Provided data:
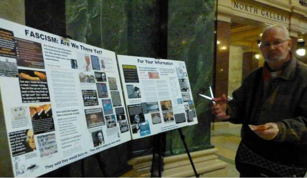 The signs he often held at the noontime Solidarity Sing Along (now at 1,663 straight weekdays) evolved into larger displays mounted on foam core and placed on a tripod on the Capitol rotunda’s first floor after permits were received. Fliers attached to a tripod and easel summarize the display and invite people to take a copy (but not the whole sign!).
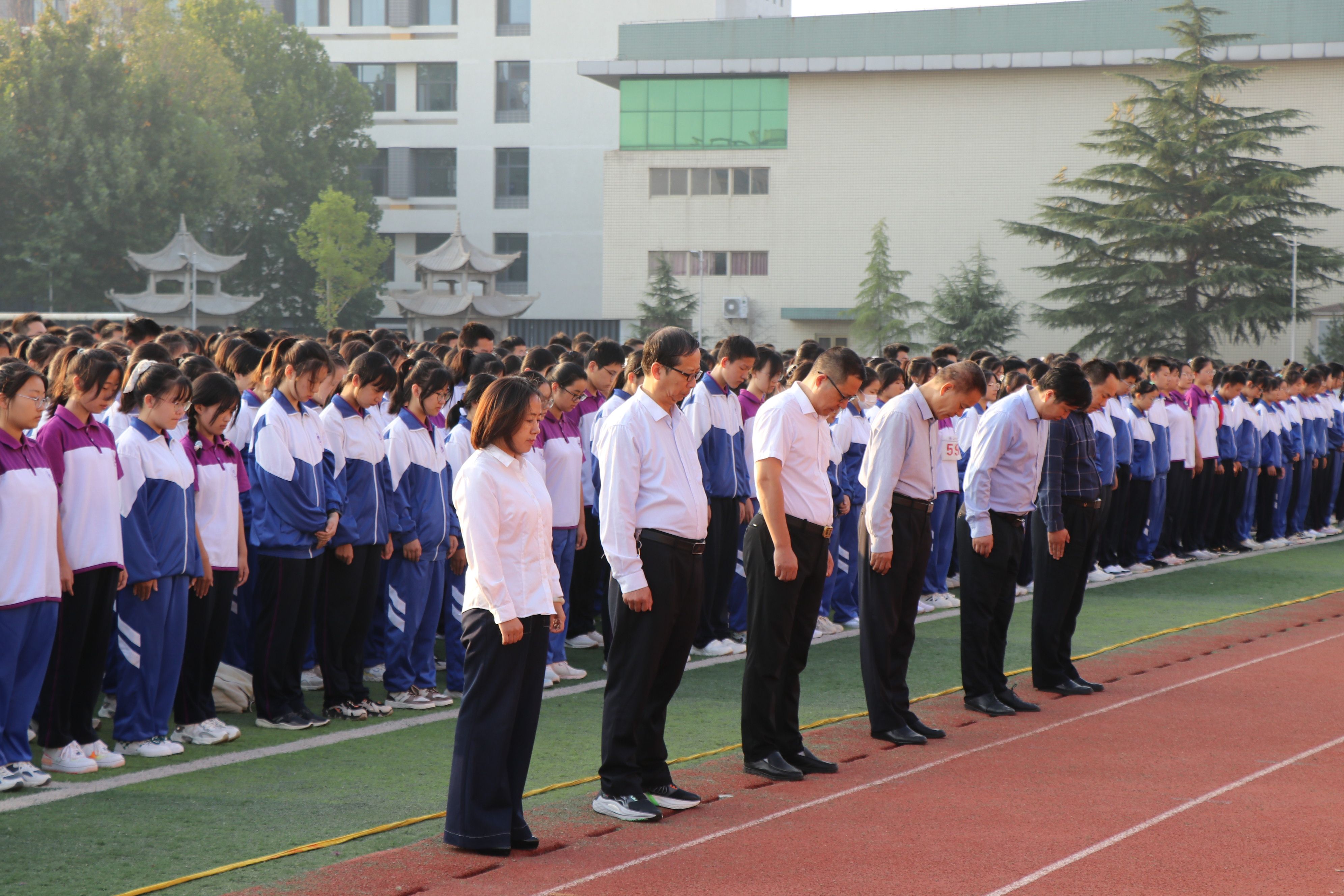 2022年9月30日是我国第9个烈士纪念日,为深切缅怀先烈的丰功伟绩,引导学生厚植爱国情怀,我校隆重举行“烈士纪念日”主题教育活动,学校领导班子、高一高二年级师生参加活动。
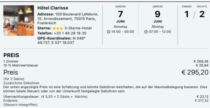 Hotelübernachtung in Paris vom 7.-9.6.2025
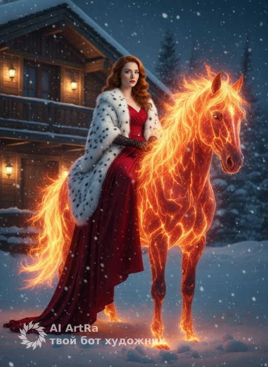 ОСНОВНОЙ СЮЖЕТ: Роскошная молодая женщина сидит верхом на мифическом огненном коне на фоне заснеженного деревянного шале. Ночь, идет мягкий пушистый снег, крупные снежинки в воздухе.

Problem to solve: Give again the lines from the line that contains "2022年9月30日是我国第" through the last line of the material above, exactly and with both ends included. Omit the pictures.

Exercise answer:
 2022年9月30日是我国第9个烈士纪念日,为深切缅怀先烈的丰功伟绩,引导学生厚植爱国情怀,我校隆重举行“烈士纪念日”主题教育活动,学校领导班子、高一高二年级师生参加活动。
 Hotelübernachtung in Paris vom 7.-9.6.2025
 ОСНОВНОЙ СЮЖЕТ: Роскошная молодая женщина сидит верхом на мифическом огненном коне на фоне заснеженного деревянного шале. Ночь, идет мягкий пушистый снег, крупные снежинки в воздухе.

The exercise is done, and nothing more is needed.